Submitted to: HortScience
Publication Type: Abstract Only
Publication Acceptance Date: July 20, 2005
Publication Date: July 20, 2005
Citation: Boches, P., Rowland, L.J., Hummer, K.E., Bassil, N.V. 2005. Microsatellite markers developed from 'bluecrop' reveal polymorphisms in the genus vaccinium and are suitable for cultivar fingerprinting [abstract]. Hortscience. 40(4):1122. Interpretive Summary: The United States Department of Agriculture (USDA) - Agricultural Research Service (ARS) - National Clonal Germplasm Repository (NCGR) a genebank in Corvallis, Oregon, preserves more than 1500 types of blueberries, representing 68 species originating from 34 countries.

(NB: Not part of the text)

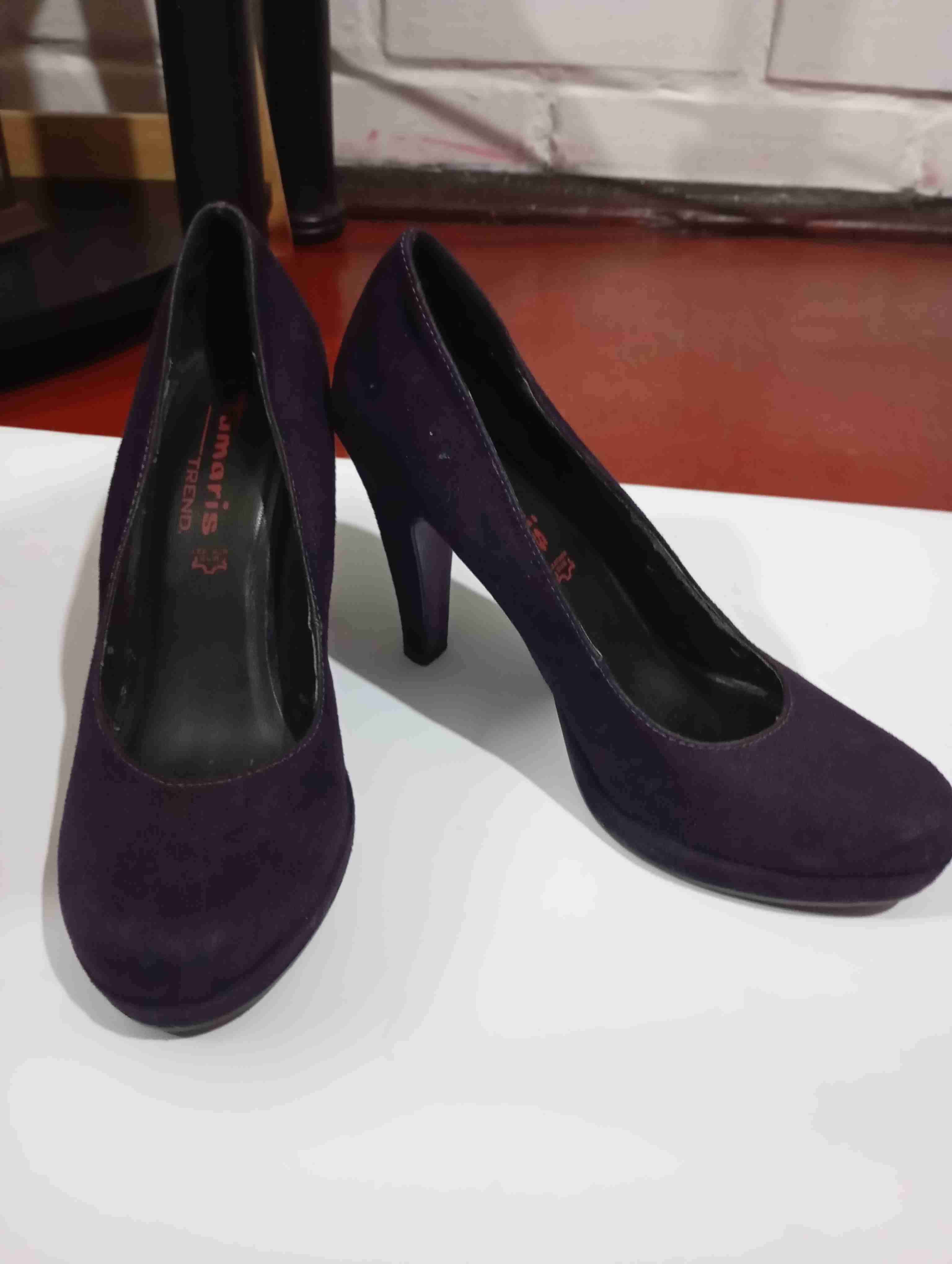 Elegantes zapatos de tacón color púrpura, ideales para ocasiones especiales. Se ven en buen estado.

This study is part of an ongoing effort by the NCGR to develop DNA marker tools to identify blueberries and to study the history of these species. Of 94 potential markers, 45 were classified according to their usefulness to distinguish 12 species. Thirty of these markers can distinguish between 72 commercial kinds of blueberry. These tools can verify the identity of blueberries in the NCGR collection and develop characteristic 'fingerprints' for each type.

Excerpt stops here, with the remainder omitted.